实验结果表明，本发明优选的具体实施例比传统基于单个视觉词汇本的识别方法具有更好的性能，甚至超过了一些经过精心参数调整的复杂模型的性能。 Experimental results show that the preferred embodiment of the present invention has better performance than the traditional recognition method based on a single visual vocabulary, and even surpasses the performance of some complex models whose parameters have been carefully adjusted.

Claims

1. An image classification method based on a visual vocabulary book, characterized in that multi-resolution information is used to quantify images, and multiple available clues from different comprehensive layers are used to classify images in parallel, in order to utilize information of different granularities to classify images , images are quantified based on visual vocabularies of different sizes, which can capture different image features, including the following steps:

(1) Use the interest point detector to extract the interest points of the training image, and then use the descriptor to describe the extracted interest points;

(2) Randomly select a part of the well-described interest points, run the clustering algorithm on it to obtain a member visual vocabulary, and set different cluster numbers as the parameters of the clustering algorithm to obtain member visual vocabulary with different sizes;

(3) Quantize the training image set based on this member visual vocabulary;

(4) Learn a classifier on the quantized training data set;

(5) Repeat steps 2 to 4 to generate a preset size of visual vocabulary and classifier collectives;

(6) Quantify new images based on a member visual vocabulary;

(7) Use the corresponding member classifier to classify the new image to obtain the classification result;

(8) Repeat steps 6 to 7 until each member classifier gets its own classification result;

(9) Use the integration technique to integrate the classification results of the member classifiers to obtain the final image classification label.

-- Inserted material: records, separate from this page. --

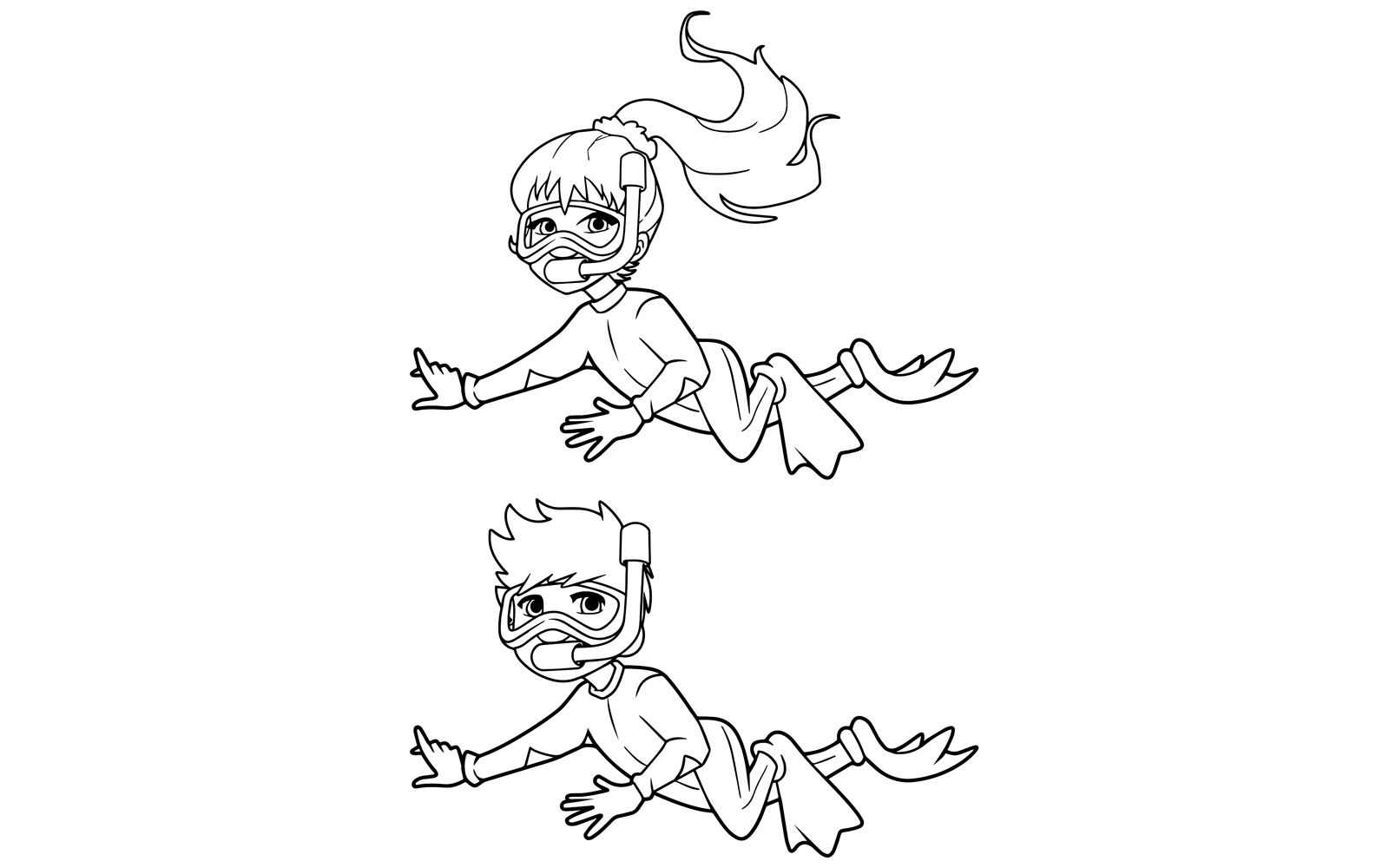 Download Иллюстрация "Diver Kids Line Art - Illustration" / Diver Kids Line Art - Illustration - Иллюстрация на тему графика boy,girl,children,diving,snorkeling,swimming,vacations,summer,suit,neoprene,mask,fins,hobby,friend,friends,kid,child,coloring,book,line art
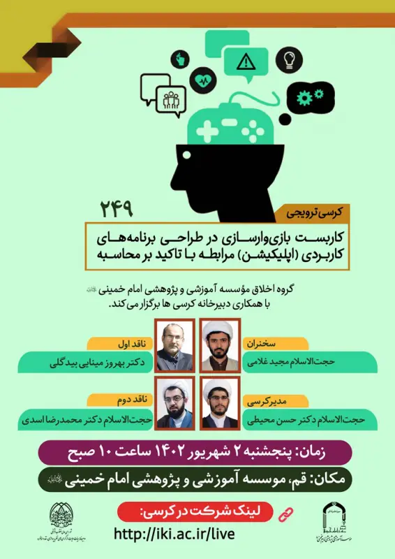 کرسی ترویجی کاربست بازی‌وارسازی در طراحی برنامه‌های کاربردی (اپلیکیشن) مرابطه با تأکید بر محاسبه
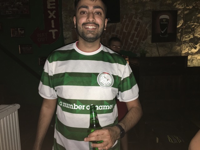 Joining us at one stage is Zeyn from Glasgow. I had noticed him earlier – on the flight presumably – due to the distinctive hoops shirt he was wearing. The badge says ‘Aida Celtic’ and I want to know more.
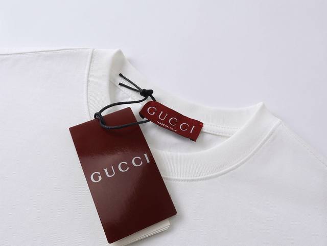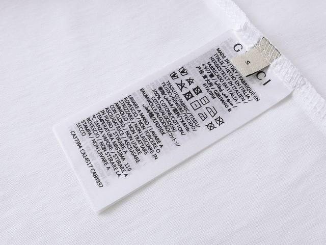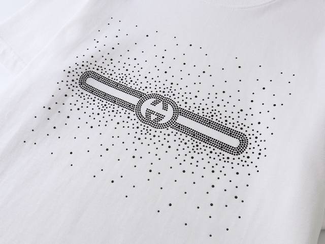 Style No.: 332, Gucci New Arrival! High-weight short-sleeved T-shirt from the early spring collection featuring hot-stamped rhinestones. Made from custom-supplied 100% pure cotton knit fabric, the material is delicate to the touch, thick and textured. The high-density machine weaving process creates a soft, comfortable, and bouncy feel, like cotton wool. It has a crisp texture and looks great on. The exquisite and full-bodied design perfectly showcases the brand's high-end style. It looks great whether worn alone or layered. The loose fit makes it easy to wear. Sizes: S (Recommended for 80-120 lbs), M (Recommended for 120-145 lbs), L (Recommended for 140-165 lbs), XL (Recommended for 160-190 lbs). Available color: White.

2. The method according to claim 1, wherein the size of the members' visual vocabulary is set to 200, 400, 800, 1200, 1300, 1500, 1600, 1700, 1900, 2000, 2200, 2600, 2800 , 3000, 3600, 4000, 4500, and 5000 to get a collective of size 18.

3. The method according to claim 1, characterized in that in order to integrate the collective visual vocabulary and corresponding classifier collective classification images, directly use the output of the SVM decision function value, when testing a new image

, where S is the collective size,

is the output value of the i- th member classifier, and the precision-recall curve is obtained by setting different thresholds.